True function and fitted parabola

This area, highlighted by a rectangle in the figure, can be easily approximated by a parabola, i.e., a polynomial of degree two. Assuming the functions were actually polynomials of degree two, quadratic programming gives an exact solution, because the total resource restriction (3) is linear.

Exploitation consists of two steps. In the first step, for each unit i a quadratic regression of the form

$$\begin{aligned} y_i = \gamma _{i,0} + \gamma _{i,1} \cdot x_i + \gamma _{i,2} \cdot (x_i)^2 \end{aligned}$$
(14)

is performed, where \(y_i\) and \(x_i\) are the sales and allocation values for unit i and \(\gamma _{i,j}\) are the coefficients to be estimated. For each regression, the data consist of all periods observed so far (using only a smaller number of the most recent values does not improve results).

In the second step, an allocation that is optimal for these approximations obeying the total resource restriction is determined by quadratic programming using the method of Goldfarb and Idnani (1983). This allocation and its corresponding sales value constitute an additional data point for the next quadratic regression. This two-step process is repeated until a total of 40 periods is reached, where 40 is the planning horizon within our study.

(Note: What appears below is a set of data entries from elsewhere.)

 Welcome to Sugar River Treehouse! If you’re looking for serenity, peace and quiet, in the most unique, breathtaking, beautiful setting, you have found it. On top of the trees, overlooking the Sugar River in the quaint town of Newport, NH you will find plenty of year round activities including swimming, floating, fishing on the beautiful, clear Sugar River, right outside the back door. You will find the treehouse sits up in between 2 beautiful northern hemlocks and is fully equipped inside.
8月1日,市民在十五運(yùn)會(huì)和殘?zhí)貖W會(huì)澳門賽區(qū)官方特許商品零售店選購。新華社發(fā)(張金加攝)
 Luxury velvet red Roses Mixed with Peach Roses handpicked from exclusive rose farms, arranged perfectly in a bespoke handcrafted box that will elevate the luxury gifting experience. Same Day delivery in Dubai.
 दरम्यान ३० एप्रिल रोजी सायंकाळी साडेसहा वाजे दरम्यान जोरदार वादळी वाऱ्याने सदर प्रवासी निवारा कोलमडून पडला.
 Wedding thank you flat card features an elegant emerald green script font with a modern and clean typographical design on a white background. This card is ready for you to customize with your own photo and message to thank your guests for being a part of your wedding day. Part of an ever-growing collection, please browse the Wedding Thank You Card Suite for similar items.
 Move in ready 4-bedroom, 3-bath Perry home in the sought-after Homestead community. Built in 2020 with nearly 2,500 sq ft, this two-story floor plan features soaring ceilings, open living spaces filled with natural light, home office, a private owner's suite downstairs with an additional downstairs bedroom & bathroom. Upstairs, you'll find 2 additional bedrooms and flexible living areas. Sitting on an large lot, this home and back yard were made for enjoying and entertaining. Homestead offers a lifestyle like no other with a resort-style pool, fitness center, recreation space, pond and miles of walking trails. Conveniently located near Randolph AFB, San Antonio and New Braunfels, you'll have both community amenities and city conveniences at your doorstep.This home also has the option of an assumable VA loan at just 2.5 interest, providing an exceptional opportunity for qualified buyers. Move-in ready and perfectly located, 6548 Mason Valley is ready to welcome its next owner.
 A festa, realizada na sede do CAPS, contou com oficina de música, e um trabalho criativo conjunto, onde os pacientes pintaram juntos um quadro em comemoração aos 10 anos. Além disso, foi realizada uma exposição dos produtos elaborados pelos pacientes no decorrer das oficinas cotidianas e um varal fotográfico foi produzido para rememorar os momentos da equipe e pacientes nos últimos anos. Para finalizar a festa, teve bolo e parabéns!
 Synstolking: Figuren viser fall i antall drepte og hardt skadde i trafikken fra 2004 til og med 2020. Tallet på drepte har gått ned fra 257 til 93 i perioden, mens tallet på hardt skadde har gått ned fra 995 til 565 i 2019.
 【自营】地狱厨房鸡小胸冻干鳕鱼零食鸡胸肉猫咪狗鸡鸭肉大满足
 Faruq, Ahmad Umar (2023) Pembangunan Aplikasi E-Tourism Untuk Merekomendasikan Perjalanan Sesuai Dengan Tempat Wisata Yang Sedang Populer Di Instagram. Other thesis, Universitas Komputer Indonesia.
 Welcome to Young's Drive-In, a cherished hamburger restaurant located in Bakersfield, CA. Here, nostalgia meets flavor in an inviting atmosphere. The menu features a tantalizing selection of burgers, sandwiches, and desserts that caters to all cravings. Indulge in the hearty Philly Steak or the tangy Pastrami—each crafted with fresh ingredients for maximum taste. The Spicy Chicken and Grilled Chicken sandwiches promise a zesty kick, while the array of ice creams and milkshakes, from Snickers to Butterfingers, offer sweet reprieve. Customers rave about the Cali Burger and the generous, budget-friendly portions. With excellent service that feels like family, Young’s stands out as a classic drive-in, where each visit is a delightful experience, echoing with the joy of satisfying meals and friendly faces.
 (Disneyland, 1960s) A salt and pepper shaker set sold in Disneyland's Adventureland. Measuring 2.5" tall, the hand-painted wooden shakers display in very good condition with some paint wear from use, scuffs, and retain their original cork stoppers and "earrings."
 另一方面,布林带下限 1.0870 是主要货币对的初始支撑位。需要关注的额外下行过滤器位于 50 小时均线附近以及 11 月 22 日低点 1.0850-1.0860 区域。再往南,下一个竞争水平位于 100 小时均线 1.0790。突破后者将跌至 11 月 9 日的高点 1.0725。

A problem arises when \(\gamma _{i,2}\) is estimated as a positive number for any sales unit, as the matrix in the quadratic program is no longer positive definite. In particular, this means that the sampled area suggests a convex shape of the sales function, which is problematic. If this estimated function is monotonically increasing this problem can be remedied by setting \(\gamma _{i,1}\) to the slope of the regression line, and setting \( \gamma _{i,2}\) to a negative value close to zero (we choose \( -10^{-15}\)). This way the quadratic program is forced to approximate a straight line by a parabola. Substantial arguments justify this procedure as well. One argument is the predominance of empirical evidence for concave sales response functions with decreasing marginal returns. Moreover, decision makers typically choose values in the region of decreasing marginal returns if they think that sales response is S-shaped (Hanssens et al. 2001; Simon and Arndt 1980). Also please note that the functional forms underlying our simulation are concave with the only exception of the ADBUG function for a parameter \(\phi _S>1\).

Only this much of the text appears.